The first scene begins from the frame 1 to 285, the second from 285 to 378 and so on. So, I made a bash script which encodes all this scenes. Basically what it does is to take the current and previous frames, then convert them to time and finally run the ffmpeg command:
begin=$(awk 'BEGIN{ print "'$previous'"/"'24'" }')
end=$(awk 'BEGIN{ print "'$current'"/"'24'" }')
time=$(awk 'BEGIN{ print "'$end'"-"'$begin'" }')
ffmpeg -i $video -r 24 -c:v libx265 -f mp4 -c:a aac -strict experimental -b:v 1.5M -ss $begin -t $time "output$count.mp4" -nostdin
This works perfect. The second method is using ffmpeg itself. I run this commands and gives me a list of times. Like this:
15.75
23.0417
56.0833
71.2917
...
Again I made a bash script that encodes all these times. In this case I don't have to convert to times because what I got are times:
time=$(awk 'BEGIN{ print "'$current'"-"'$previous'" }')
ffmpeg -i $video -r 24 -c:v libx265 -f mp4 -c:a aac -strict experimental -b:v 1.5M -ss $previous -t $time "output$count.mp4" -nostdin
After all this explained it comes the problem. Once all the scenes are encoded I need to concat them and for that what I do is to create a list with the video names and then run the ffmpeg command.
list.txt
file 'output1.mp4'
file 'output2.mp4'
file 'output3.mp4'
file 'output4.mp4'
command:
ffmpeg -f concat -i list.txt -c copy big_buck_bunny.mp4
The problem is that the "concated" video is longer than the original by 2.11 seconds. The original one lasts 596.45 seconds and the encoded lasts 598.56. I added up every video duration and I got 598.56. So, I think the problem is in the encoding process. Both videos have the same frames number. My goal is to get metrics about the encoding process, when I run VQMT to get the PSNR and SSIM I get weird results, I think is for this problem.
By the way, I'm using the big_buck_bunny video.

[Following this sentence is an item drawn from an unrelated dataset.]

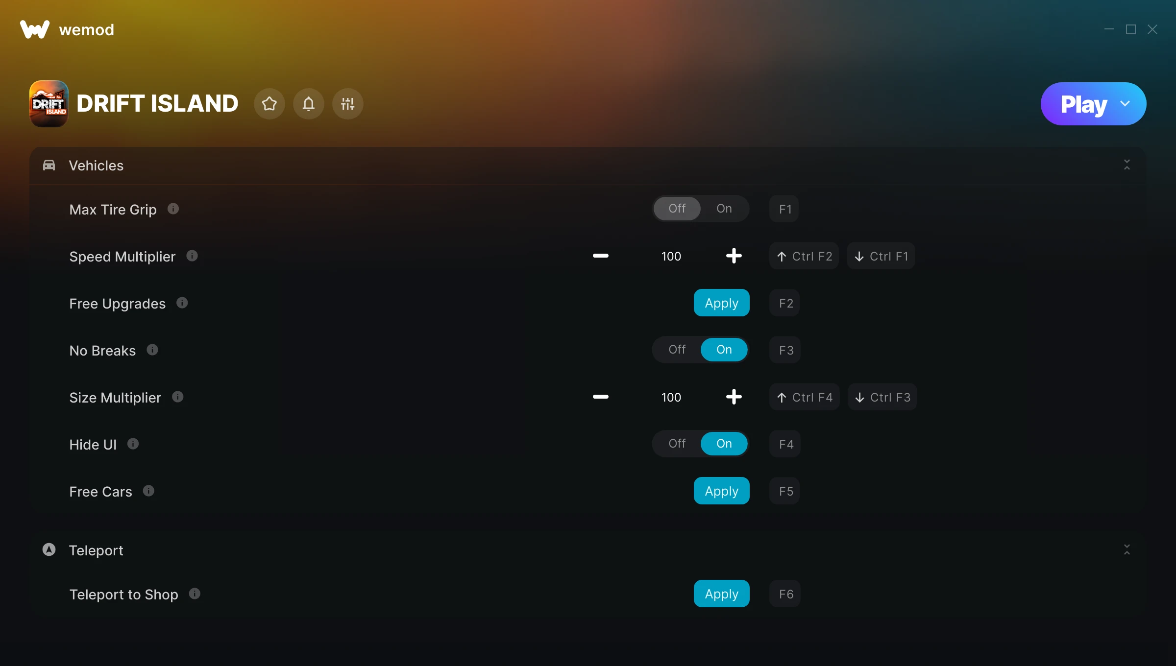 How do I use the cheats in DRIFT ISLAND?WeMod will safely display all of the games on your PC. Open a game from the list and simply press play. After the game loads and once you’re in-game, you can start enabling different cheats!Will this work with my game version?WeMod uses advanced technology to detect the game version you’re running and will let you know if it’s supported. If it’s not, you will still have the option of giving it a try or requesting an update!

The probable difference is due to the copy codec. In the latter case, you tell ffmpeg to copy the segments, but it can't do that based on your input times.
It has to find first the previous I frames (a frame that can be decoded without any reference to any previous frame) and starts from here.
To get what you need, you need to either re-encode the video (like you did in the 2 former examples) or change the times to stop at I frames.
To assert I getting your issue correctly:
You have a source video (that's encoded at variable frame rate, close to 18fps)
You want to split the source video via ffmpeg, by forcing the frame rate to 24 fps.
Then you want to concat each segment.
I think the issue is mainly that you have some discrepancy in the timing (if I divide the frame index by the time you've given, I getting between 16fps to 18fps). When you are converting them in step 2, the output video segment time will be 24fps. ffmpeg does not resample in the time axis, so if you force a video rate, the video will accelerate or slow down.
There is also the issue of consistency for the stream:
Typically, a video stream must start with a I frame, so when splitting, FFMPEG has to locate the previous I frame (when using copy codec, and this changes the duration of the segment).
When you are concatenating, you could also have the issue of consistency (that is, if the segment you are concatenating does end with a I frame, and the next one starts with a I frame, it's possible FFMPEG drops either one, although I don't remember what is the current behavior now)
So, to solve your issue, if I were you, I would avoid step 2 (it's bad for quality anyway). That is, I would use ffmpeg to split the segments of interest based on the frame number (that's the only value that's not approximate in your scheme) in png or ppm frames (or to a pipe if you don't care about keeping them) and then concat all the frames by encoding them at the last step with the expected rate set to totalVideoTime / totalFrameCount.
You'll get a smaller and higher quality final video.
If you can't do what I said for whatever reason, at least for the concat input, you should use the ffconcat format:
ffconcat version 1.0
file segment1
duration 12.2
file segment2
duration 10.3
This will give you the expected duration by cutting each segment if it's longer
For selecting by frame number (instead of time as time is hard to get right on variable frame rate video), you should use the select filter like this:
-vf select=“between(n\,start_frame_num\,end_frame_num),setpts=STARTPTS"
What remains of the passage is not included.